When quantifying the business value of offshore outsourcing, customers must consider three important aspects that are often ignored: the appropriate comparisons, the hidden costs and the distinction between theory and reality.
While building the business case for offshore outsourcing, the most common comparison is between onshore and offshore, apparently in answer to the question "if we had to do the project in any other way apart from offshore, how much would that cost?"
Many assumptions end up wrongly overestimating the onshore cost. Most common is using the same headcount number in both cases. When a project is done onshore, fewer people are required because of reduced activity level in areas like knowledge capture, knowledge transfer, project co-ordination and environment support. Then there is the productivity factor.
"Sath" Sathyanarayan, author of Offshore Development and Technical Support: Proven Strategies and Tactics for Success, says that even if offshore personnel are as competent as the local staff—which is your best case scenario and unlikely to be the case when you are getting started—there will a productivity loss because of systemic issues.

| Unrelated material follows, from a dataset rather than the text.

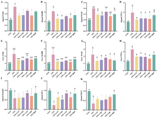Effect of polysaccharides on the expression of immune and intestinal barrier-related genes (n = 6). (A) Jejunal TLR4, (B) Jejunal MyD88, (C) Jejunal Nf-κB, (D) Jejunal TNF-α, (E) Liver TLR4, (F) Liver MyD88, (G) Liver Nf-κB, (H) Liver TNF-α, (I) Jejunal Occludin, (J) Jejunal ZO-1, and (K) Jejunal MuC2. ∆ p < 0.05, ∆∆ p < 0.01, relative to the CON group. * p < 0.05, ** p < 0.01, relative to the LPS group.

Also, the assumption that all the onshore work will be done by newly hired internal employees may not be the right one to make; customers almost always leverage contractors and existing employees. For the former, use the relevant contractor rates that are likely to get negotiated and the appropriate loading factor (you don't pay pensions, holiday allowances etc. to them). For the latter, consider if they can be treated differently: it could be a sunk cost for a period of time or a partially apportioned cost. Finally, internal employee costs are excessively padded by something called "an overloading factor"—to account for pensions, holidays, desk space, corporate overheads and so on. A figure of anywhere from 20 percent to 50 percent is normally used—choose the figure that reflects reality, and take into account that you can't recover any of those costs anyway.